_Data provided_:
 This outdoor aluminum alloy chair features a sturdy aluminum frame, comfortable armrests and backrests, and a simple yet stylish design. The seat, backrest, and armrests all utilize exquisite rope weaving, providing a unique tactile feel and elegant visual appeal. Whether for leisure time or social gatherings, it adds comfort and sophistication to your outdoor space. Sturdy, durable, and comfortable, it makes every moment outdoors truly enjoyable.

---

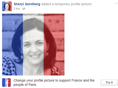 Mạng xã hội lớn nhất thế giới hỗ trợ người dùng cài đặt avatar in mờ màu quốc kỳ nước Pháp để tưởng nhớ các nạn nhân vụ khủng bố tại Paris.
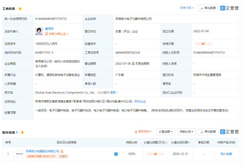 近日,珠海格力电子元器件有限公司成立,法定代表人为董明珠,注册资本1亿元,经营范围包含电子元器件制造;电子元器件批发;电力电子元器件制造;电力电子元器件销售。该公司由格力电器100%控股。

_Your objective_:
Beginning at the line that has "Mạng xã hội" and ending at the line that has "近日,珠海格力电子元器件有限", restate the listing above word for word, pictures left out.

_Exercise solution_:
 Mạng xã hội lớn nhất thế giới hỗ trợ người dùng cài đặt avatar in mờ màu quốc kỳ nước Pháp để tưởng nhớ các nạn nhân vụ khủng bố tại Paris.
 近日,珠海格力电子元器件有限公司成立,法定代表人为董明珠,注册资本1亿元,经营范围包含电子元器件制造;电子元器件批发;电力电子元器件制造;电力电子元器件销售。该公司由格力电器100%控股。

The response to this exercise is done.